- Born: May 27, 1923 Leipzig, Germany
- Died: November 17, 2010 (aged 87) Washington, D.C.
- Occupation: Librarian

= Ruth Rappaport =

Jewish-American librarian (1923–2010)

Ruth Rappaport (May 27, 1923 – November 17, 2010) was a Jewish-American librarian. Her mother's cousin was Helena Rubinstein. Rappaport was born in Leipzig, in Saxony to Mendel and Chaja Rappaport. She had two older half-sisters, Mirjam Rappaport Schneider and Clara Rappaport Rosner. She was a foster child in Zurich in 1938, after running away from her parents when she refused to return to Germany. In 1943 her father died in Buchenwald and her mother probably died in Ravensbrueck.
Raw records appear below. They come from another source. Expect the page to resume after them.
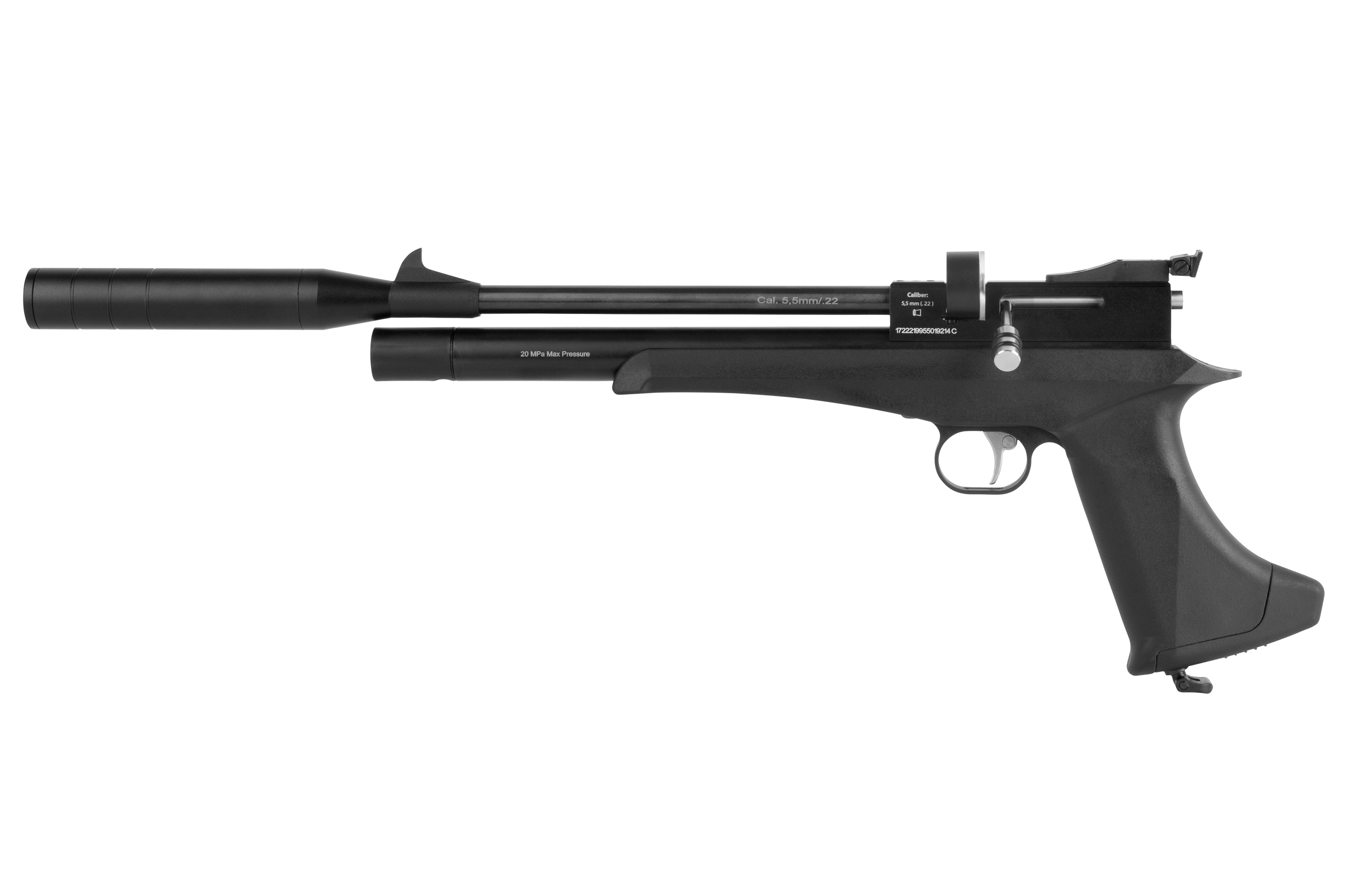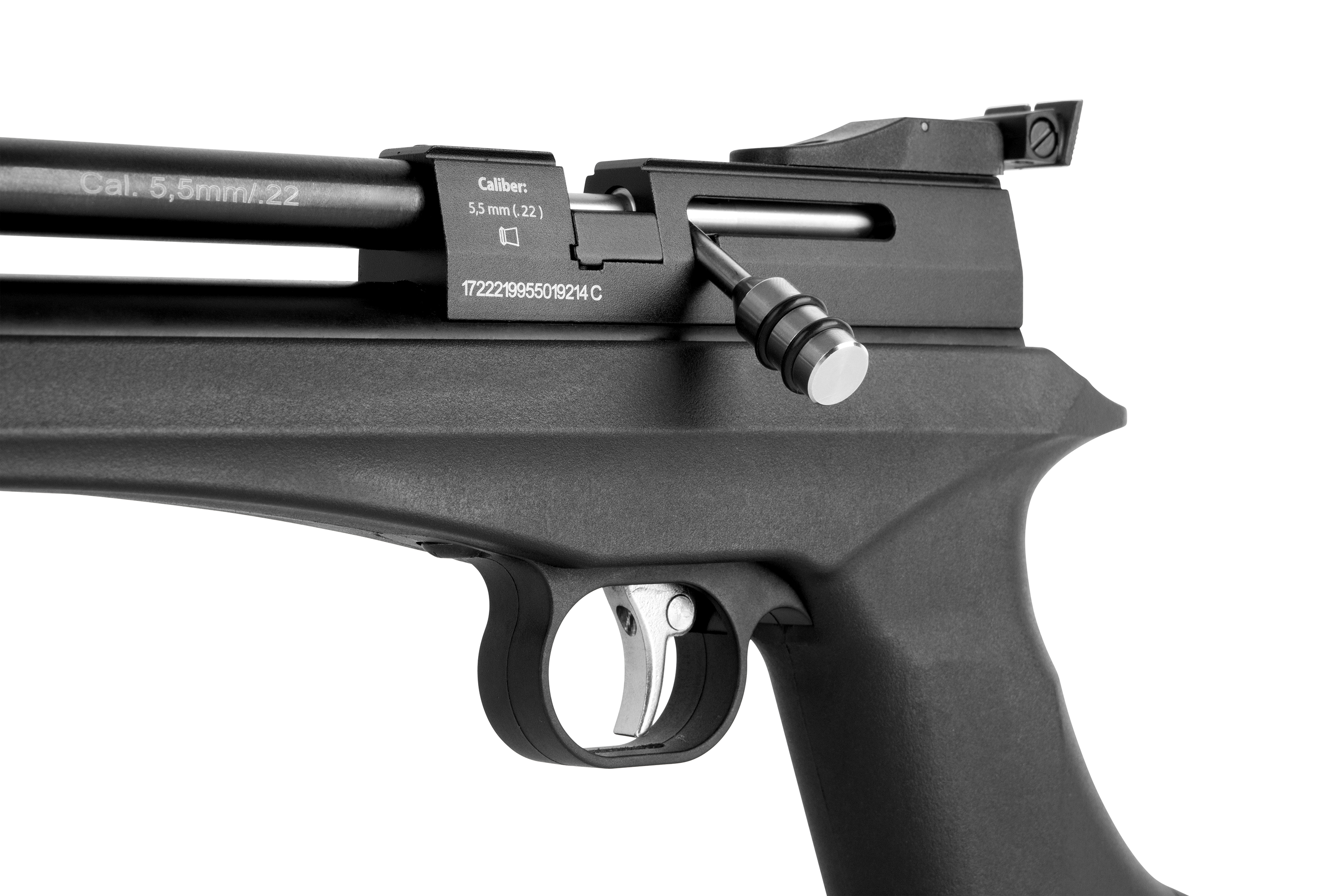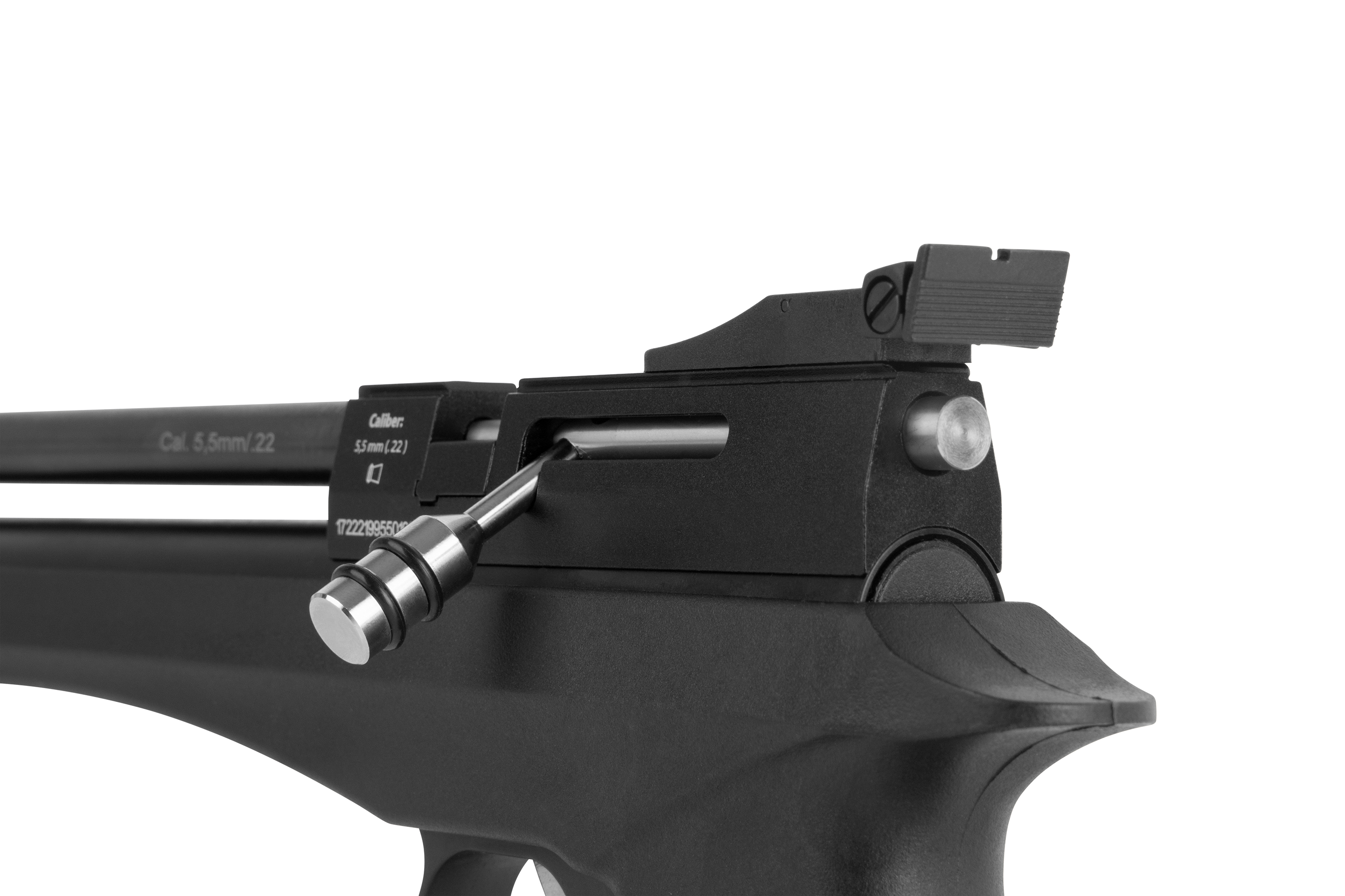Die DIANA bandit mit integriertem Regulator ist eine leistungsstarke Pressluft-Pistole mit abnehmbarer Schafterweiterung und aufgedrehtem Schalldämpfer. Die Pistole kann mit einer Einlage im Einzelschuss-Modus und mit einem 7-Schuss Trommelmagazin betrieben werden. Die gefräste Prismenschiene ermöglicht den Anbau einer passenden Optik. Der maximale Fülldruck beträgt 200 bar.
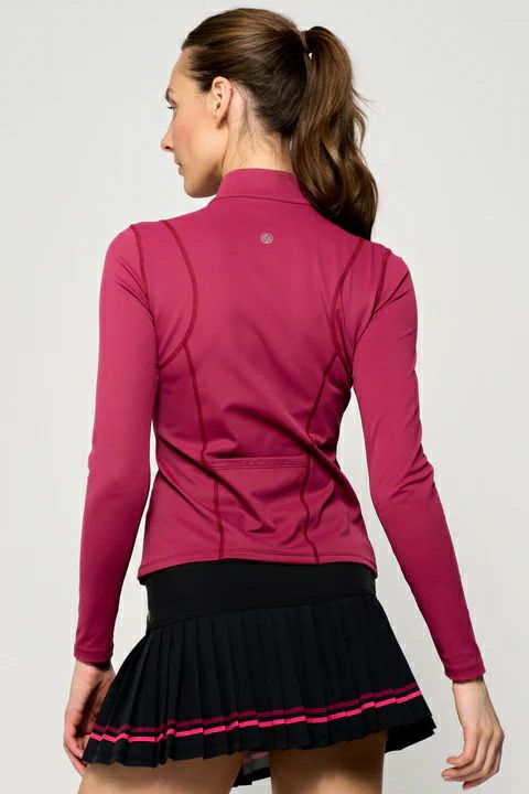 黒のレギンスに映える赤ピンク色のテニススコートはいかがでしょうか?
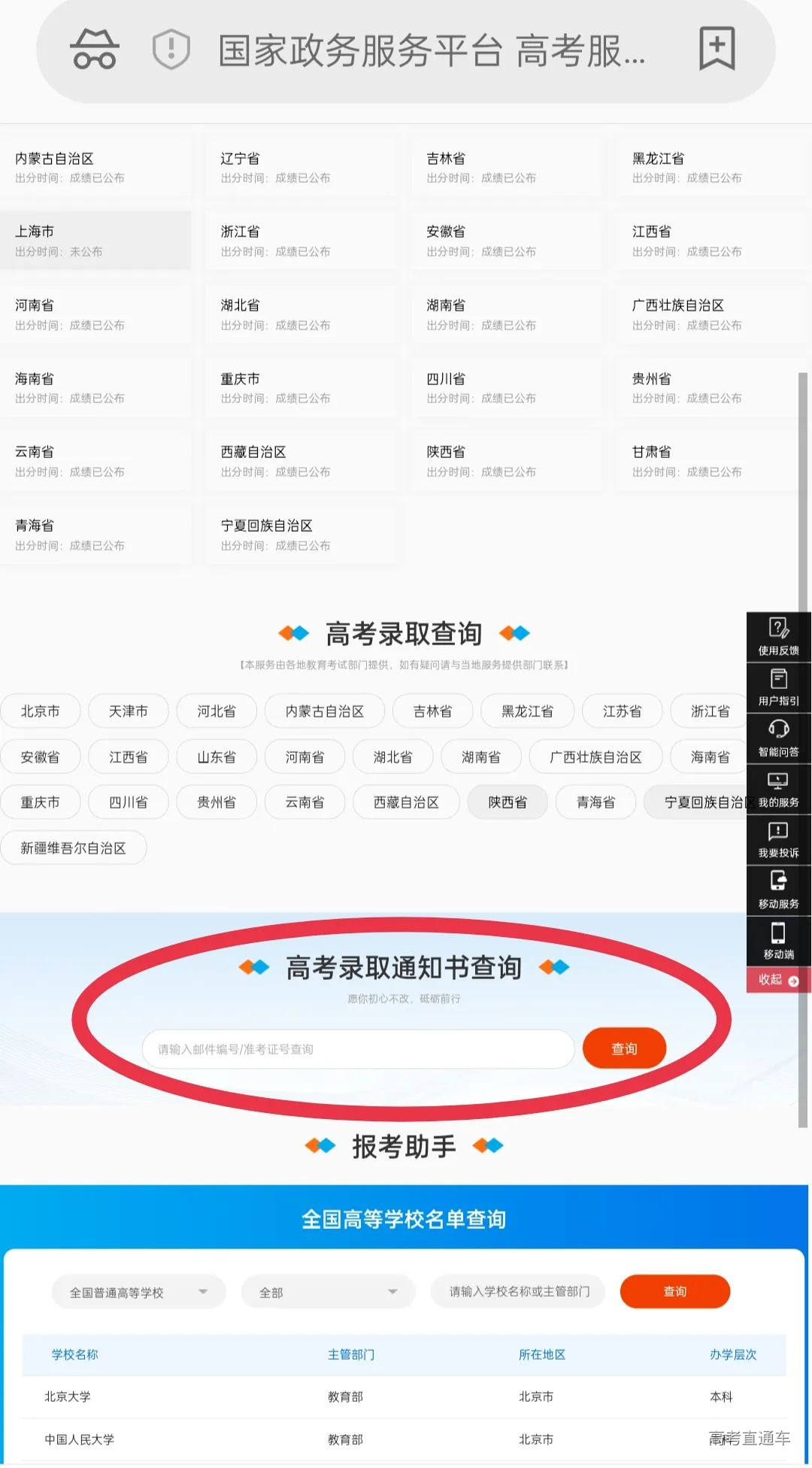 全国各省市皆可在阳光高考平台中查询本地省招办官网入口:
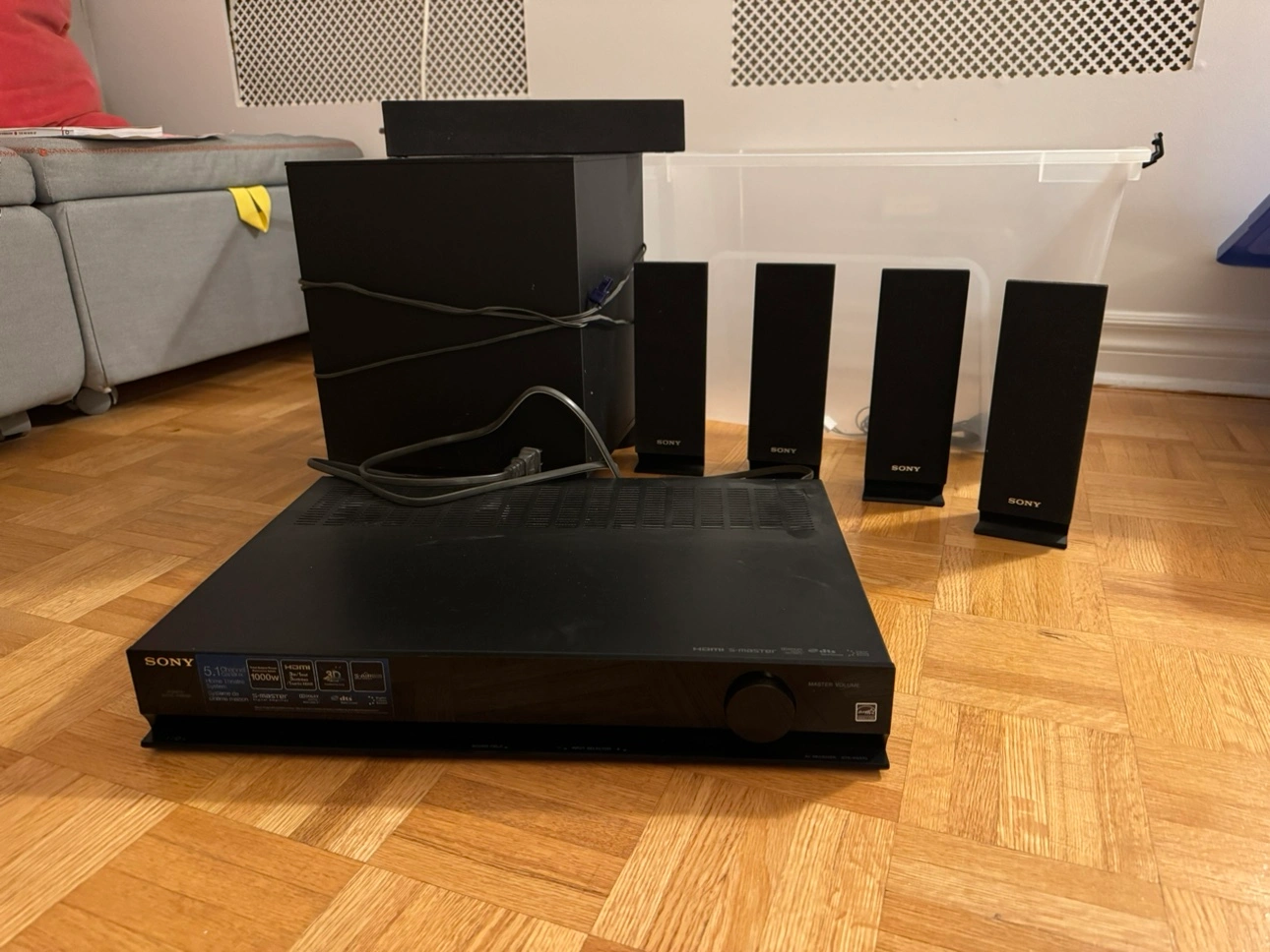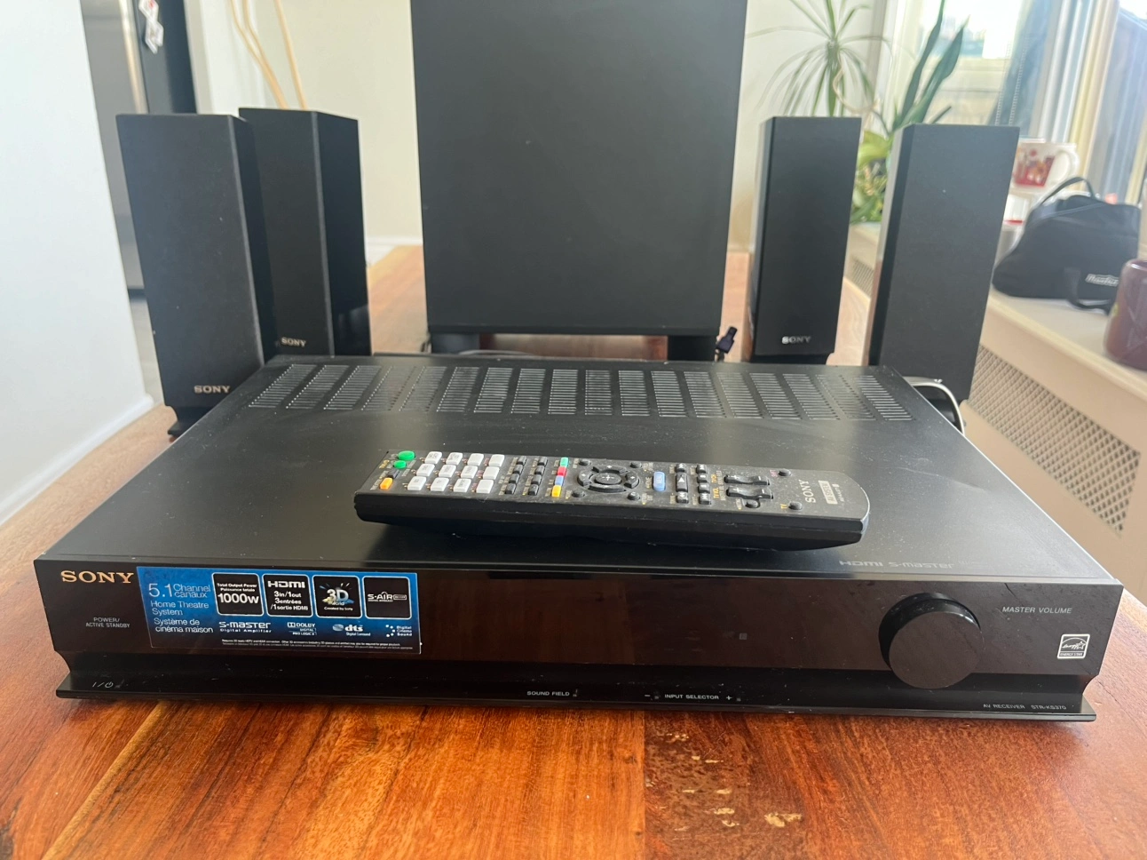 Sony Home Theatre system with a receiver, subwoofer, and four speakers.
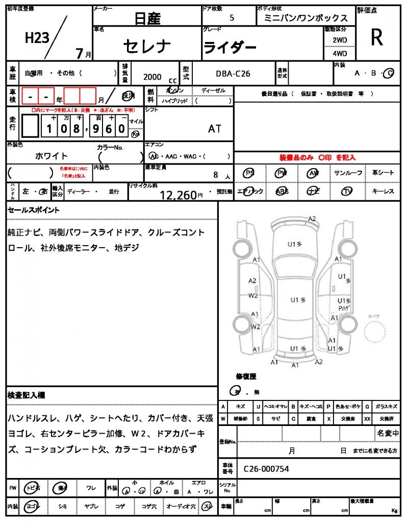 | NISSAN | SERENA | 2011 | 2000 cc | ||||||||||||||||
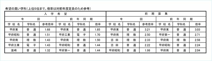 【全校掲載】中学3年生の第一次進路希望調査 全日制公立高校の参考倍率は0.999倍 2年連続で1倍を下回る 山梨
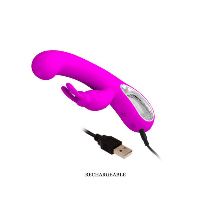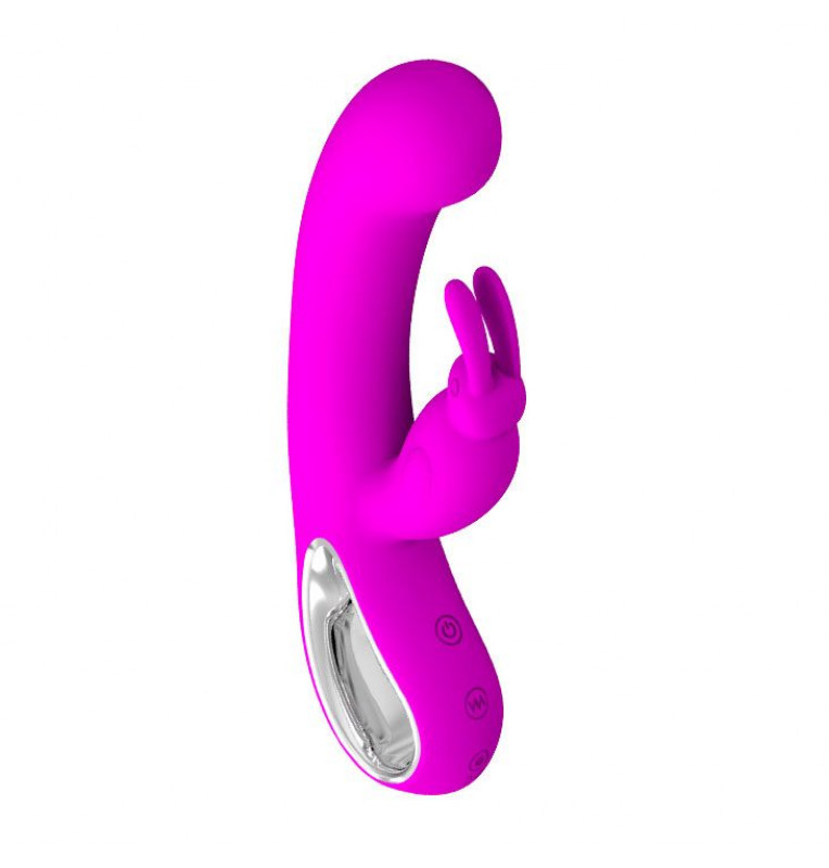 Силиконовый вибратор c клиторальным отростком в виде зайчика. Имеет 12 режимов вибрации и пульсации, лёгкое управление при помощи кнопок в основании. Имеет три моторчика. Рабочая длина - 12 см. Длина клиторального отростка - 8см., диаметр - 3 см. В комплекте: вибратор, зарядное устройство, мешочек для хранения.

Rappaport obtained an American visa and went to Seattle in 1938 to live with her uncle, Carl Rubinstein. She graduated from Broadway High School.

== Biography ==
In 1948, she lived in Jerusalem and worked briefly as a photographer for Acme News, then became a photograph archivist for the Foreign Press Office of the new state of Israel in Tel Aviv until the end of 1949. She then moved to New York and worked for lawyer Max Lowenthal and assisted him with the publication of his book, The Federal Bureau of Investigation, in 1950. She moved to Berkeley in 1951 and earned her undergraduate degree in sociology and her master's degree in librarianship from the University of California. In 1959 she began working for the U.S. Air Force, and as such managed a library at Naha Air Base in Okinawa.

== Career ==
In 1963, she began managing the military libraries in Saigon for the U.S. Navy, agreeing to do so only if there would be no censorship. In 1966 the U.S. Army took over those libraries, but Rappaport stayed. While in Vietnam she supervised the library system as it grew from a few books to 39 branch libraries and 117 field collections. Rappaport quit her position with the Army in 1970.

After this she worked at the Library of Congress for twenty-three years, beginning in 1970; her first assignment there was to help re-catalog books in the Delta collection, which was a collection of pornography and erotica confiscated by the FBI and kept in a locked cage. Its contents are now integrated with the rest of the collections. In the mid-1970s she and other catalogers worked to start the Library of Congress Professional Guild (AFSCME Local 2910), because they felt that managers were demanding unreasonable quotas of books cataloged per day.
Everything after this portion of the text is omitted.